Redis4.0 single-node cluster to three-master three-slave node cluster experiment

Environment related:

OS:CentOS release 7.4.1708
IP:192.168.77.101/102/103
MEM:16G
DISK:50G

Brief description

Refer to "Redis4.0 Three-Master Three-Standby Cluster Installation and Configuration" to configure 6 redis instances on three-node hosts and start them.
The fifth step is to configure the cluster using the operation of this blog post.

Cluster creation

1. Create a single-instance cluster on node one:

cp -av /usr/local/redis/src/redis-trib.rb /usr/local/bin
redis-trib.rb create --replicas 0 192.168.77.101:7000
# 创建一个单实例集群会报错,因为redis的集群需要至少3个master实例
# 该报错可以忽略掉,使用fix命令进行修复

write picture description here

redis-trib.rb fix 192.168.77.101:7000
# 使用fix命令修复集群,需要交互式输入yes进行确认

write picture description here
write picture description here

redis-cli -c -h 192.168.77.101 -p 7000 cluster nodes
redis-trib.rb check 192.168.77.101:7000
# 查看集群状态,目前集群只有一个master实例,所有的数据槽都在该实例上
# 单实例集群创建就完成了

2. Add two master nodes:

redis-trib.rb add-node 192.168.77.102:7002 192.168.77.101:7000
redis-trib.rb add-node 192.168.77.103:7004 192.168.77.101:7000
# 使用add-node命令,将102的7002和103的7004添加到集群里
redis-trib.rb check 192.168.77.101:7000
# 查看集群状态,发现目前集群中有三个master实例,但是所有的slot都在第一个master之上
# 此时,新加入的两个master实例没有任何的slot,是可以直接删掉的
redis-trib.rb reshard 192.168.77.101:7000
# 使用reshard命令重新分配slot,需要交互输入重新分配的slot数量和接收实例以及来源实例
# 两次使用该命令,将新添加的两个实例都分配一定数量的slot

write picture description here
Enter the number of slots that need to be reallocated
write picture description here
Enter the ID of the instance receiving these slots
write picture description here
Enter the source instance ID of these slots to
write picture description here
confirm the move

If it is a real production environment, when moving data slots, it may fail to time out, such as moving 1000 data slots to another master instance.

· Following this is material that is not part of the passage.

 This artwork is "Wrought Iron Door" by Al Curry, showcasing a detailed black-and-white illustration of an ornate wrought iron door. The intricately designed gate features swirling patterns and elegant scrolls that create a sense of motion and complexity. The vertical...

The
reason is that one or some data slots occupy a large amount of memory, and the move operation times out. You need to use the fix command to fix it. A
timeout failure will not affect the cluster, and the status of a data slot that has been moved successfully is fine.
You can redistribute the data slots after repairing to reduce the number of data slots and prevent another timeout failure.

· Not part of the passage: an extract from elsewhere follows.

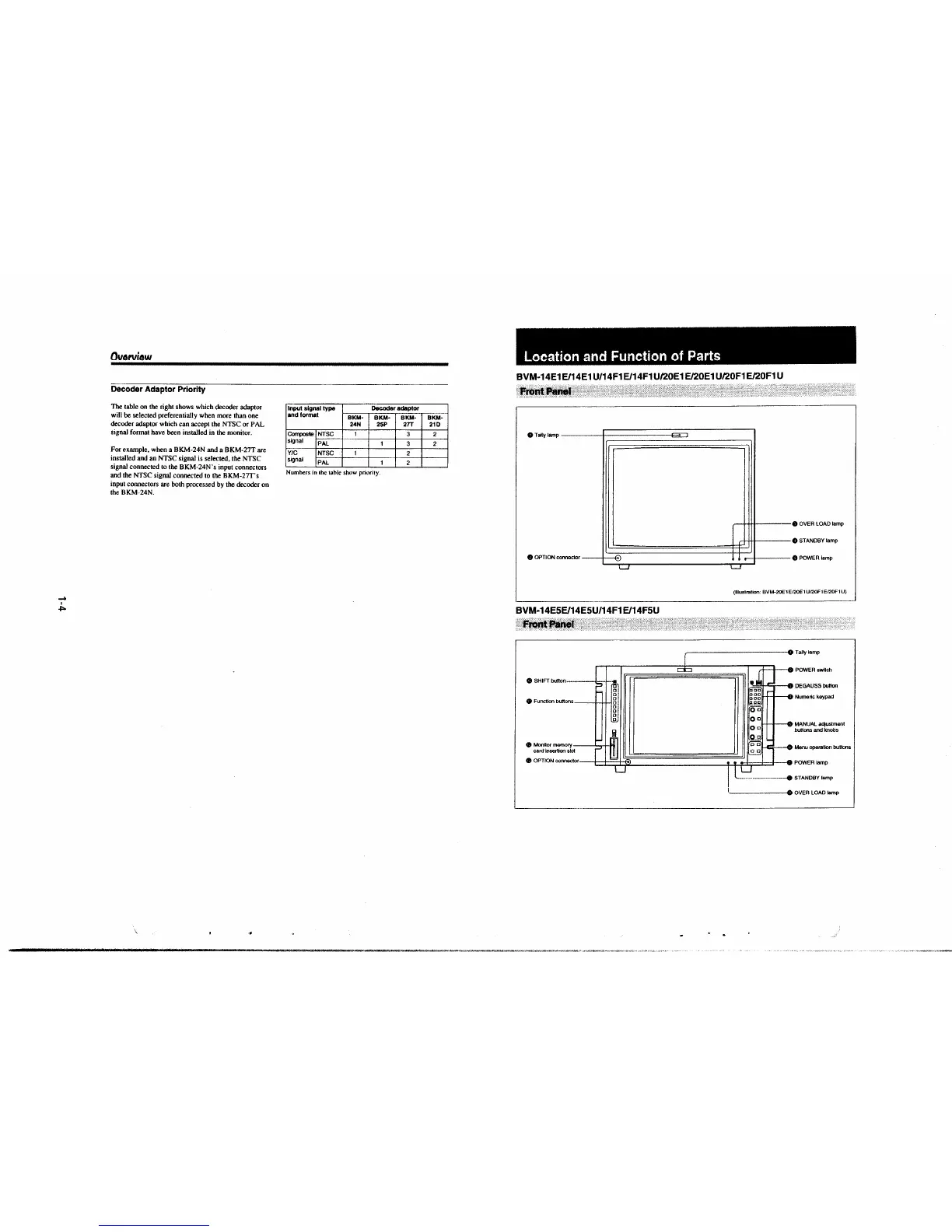 BVM-14E1 E/14E1 U/14F1 E/14F1 U/20E1 E/20E1 U/20F1 E/20F1 U

redis-trib.rb fix 192.168.77.101:7000
redis-trib.rb check 192.168.77.101:7000
# 检查集群节点状态,发现三个master实例都有slot存在,此时就不能直接删除master实例

3. Add three slave instances:

redis-trib.rb add-node --slave 192.168.77.101:7001 192.168.77.101:7000
redis-trib.rb add-node --slave 192.168.77.102:7003 192.168.77.101:7000
redis-trib.rb add-node --slave 192.168.77.103:7005 192.168.77.101:7000
# 添加三个slave实例,每个slave实例会自动分配到一个master实例之下
redis-cli -c -h 192.168.77.101 -p 7000 cluster nodes|sort -k2
redis-trib.rb check 192.168.77.101:7000
# 查看集群节点状态

4. Generate a cluster status report:
There is too much information output at this time. You can convert the output of the cluster nodes command to generate a status report.

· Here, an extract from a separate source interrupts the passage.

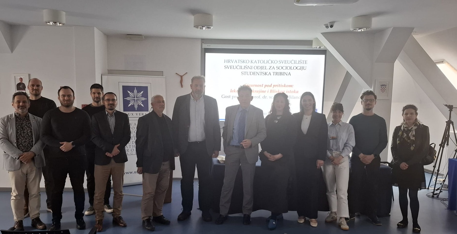 On Wednesday, April 22, 2026, the second student forum of the University Department of Sociology titled “Security Under Pressure: Lessons from Ukraine and the Middle East” was held in the “Blessed Alojzije Cardinal Stepinac” Hall. The guest lecturer was Prof. Dr. Mirko Bilandžić from the Department of Sociology, Faculty of Humanities and Social Sciences, University of Zagreb.

redis-cli -c -h 192.168.77.101 -p 7000 cluster nodes|\
awk 'BEGIN{print"节点 角色 自身ID 挂接的主实例ID"}
     {if($4=="-") {print $2,$3,$1,$1} 
      else        {print $2,$3,$1,$4}}'|\
sort -rk4|column -t
# 查看集群状态,主备关系
# 当自身ID和挂接的主实例ID相同时,代表本实例是一个master实例
# 否则代表本实例是一个slave实例

5. Manually adjust the relationship between the master instance and the slave instance.
When there are more than two instances on a node, if a downtime instance switch occurs during
operation, multiple master instances will run on one node or all nodes will be disabled. It is the case of slave
or two instances on a node are exactly a pair of master instance and slave instance
. At this time, it is necessary to manually adjust the corresponding relationship between the master instance and the slvae instance to avoid unavailability when the node fails.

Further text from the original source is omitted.